▶ _Instructions for the task_: After dropping the pictures, give again exactly the lines of the data from its first line through the line with "Auf unserem fast", which is included as well.
*** Opening Data shown ***
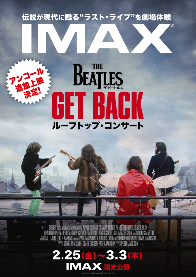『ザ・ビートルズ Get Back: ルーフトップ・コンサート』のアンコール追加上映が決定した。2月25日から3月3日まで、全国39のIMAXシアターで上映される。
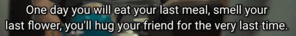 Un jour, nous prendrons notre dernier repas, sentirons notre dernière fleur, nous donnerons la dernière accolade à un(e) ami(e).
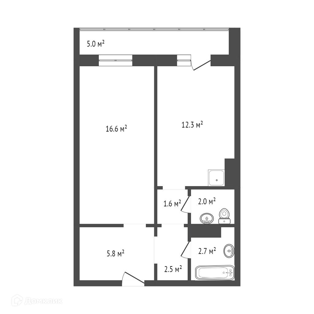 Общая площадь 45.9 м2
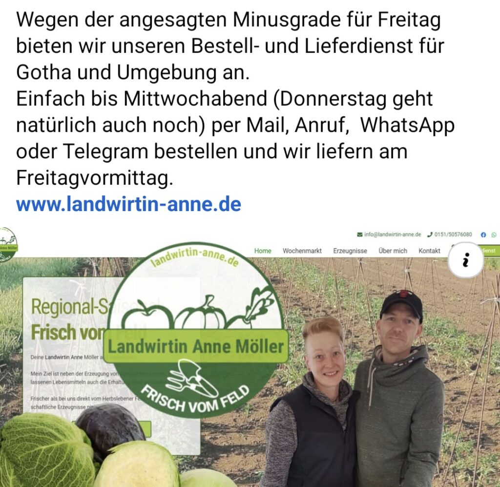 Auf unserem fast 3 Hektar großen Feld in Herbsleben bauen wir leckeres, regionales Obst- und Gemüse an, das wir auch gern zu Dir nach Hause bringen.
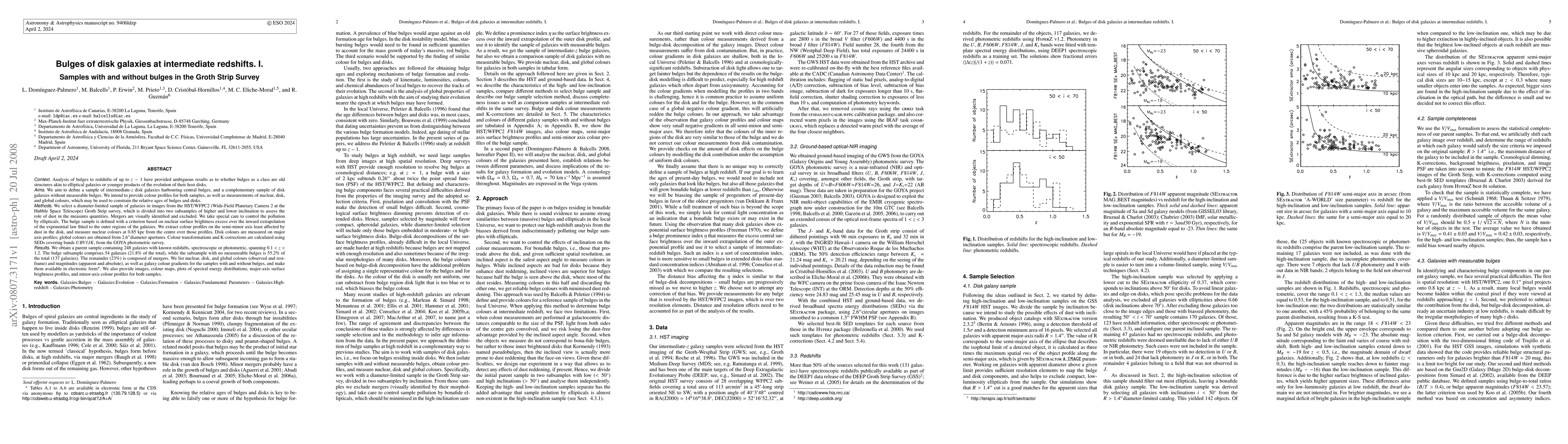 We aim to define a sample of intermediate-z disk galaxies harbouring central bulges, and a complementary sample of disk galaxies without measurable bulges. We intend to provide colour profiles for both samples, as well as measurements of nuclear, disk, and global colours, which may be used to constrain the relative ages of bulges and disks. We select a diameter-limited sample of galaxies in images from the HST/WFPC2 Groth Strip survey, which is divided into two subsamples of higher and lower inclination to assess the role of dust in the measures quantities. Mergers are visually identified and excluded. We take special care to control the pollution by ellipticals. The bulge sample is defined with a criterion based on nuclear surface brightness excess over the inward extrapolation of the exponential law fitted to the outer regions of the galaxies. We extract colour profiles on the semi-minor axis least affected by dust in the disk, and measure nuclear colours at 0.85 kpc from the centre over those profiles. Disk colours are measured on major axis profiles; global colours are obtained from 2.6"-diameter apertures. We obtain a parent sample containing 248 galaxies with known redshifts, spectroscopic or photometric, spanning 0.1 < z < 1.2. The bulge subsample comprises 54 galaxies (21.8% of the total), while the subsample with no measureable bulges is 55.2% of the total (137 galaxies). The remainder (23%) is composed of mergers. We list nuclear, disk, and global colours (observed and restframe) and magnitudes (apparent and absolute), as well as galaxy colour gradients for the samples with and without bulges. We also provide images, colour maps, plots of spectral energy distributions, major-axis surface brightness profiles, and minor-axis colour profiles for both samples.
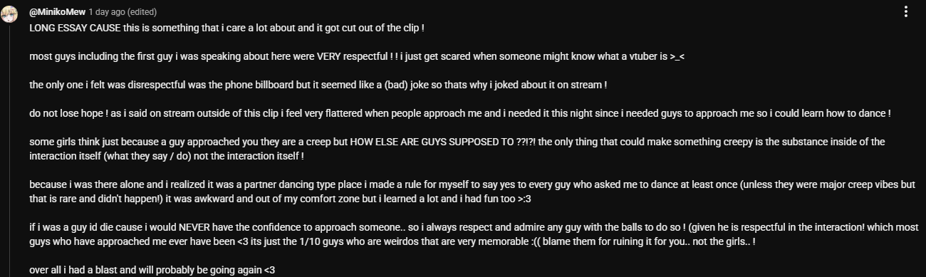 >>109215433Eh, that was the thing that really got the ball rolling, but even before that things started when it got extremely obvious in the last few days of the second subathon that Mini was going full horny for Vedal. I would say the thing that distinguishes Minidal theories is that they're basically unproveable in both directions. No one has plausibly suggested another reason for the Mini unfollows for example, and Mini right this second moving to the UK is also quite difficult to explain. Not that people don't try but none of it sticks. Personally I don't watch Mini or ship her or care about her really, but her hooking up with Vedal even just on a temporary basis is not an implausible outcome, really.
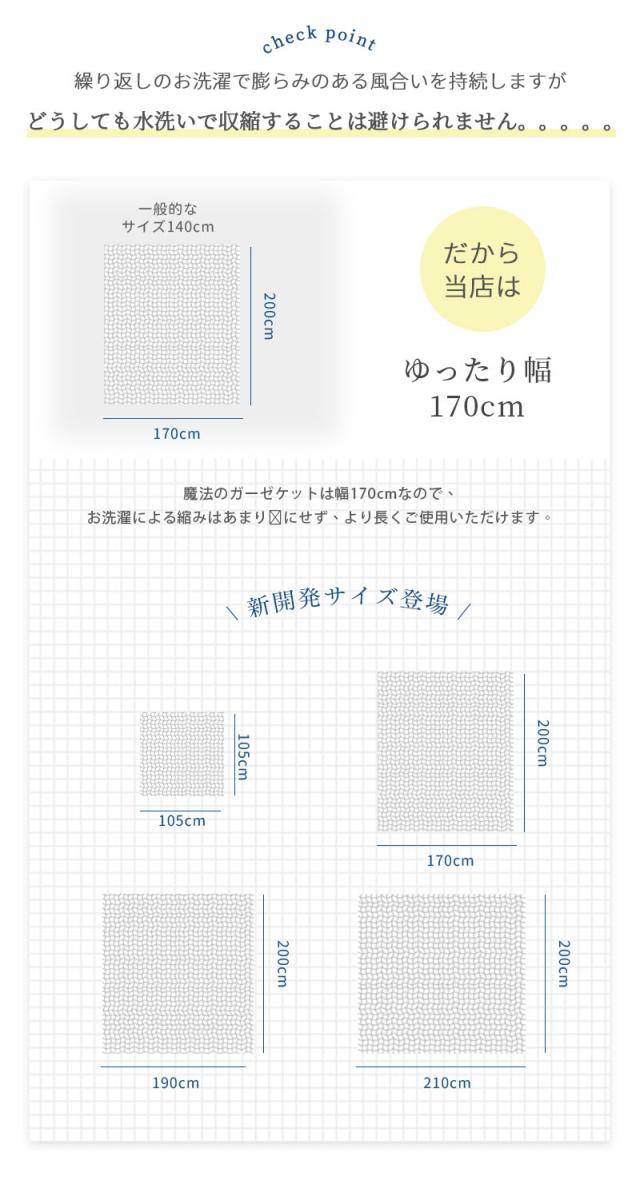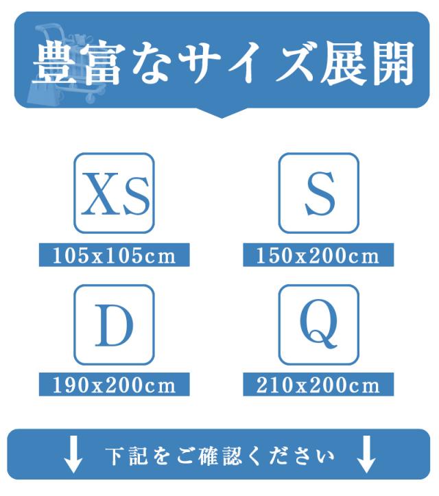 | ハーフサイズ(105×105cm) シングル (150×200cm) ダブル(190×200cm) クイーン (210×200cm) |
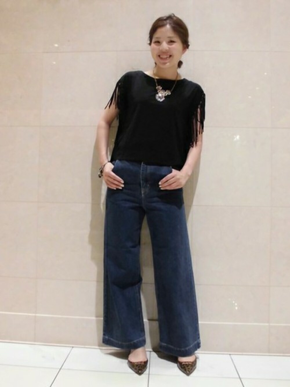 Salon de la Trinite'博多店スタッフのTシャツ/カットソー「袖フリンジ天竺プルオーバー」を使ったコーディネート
*** Closing Data shown ***
▶ _Task result_:
『ザ・ビートルズ Get Back: ルーフトップ・コンサート』のアンコール追加上映が決定した。2月25日から3月3日まで、全国39のIMAXシアターで上映される。
 Un jour, nous prendrons notre dernier repas, sentirons notre dernière fleur, nous donnerons la dernière accolade à un(e) ami(e).
 Общая площадь 45.9 м2
 Auf unserem fast 3 Hektar großen Feld in Herbsleben bauen wir leckeres, regionales Obst- und Gemüse an, das wir auch gern zu Dir nach Hause bringen.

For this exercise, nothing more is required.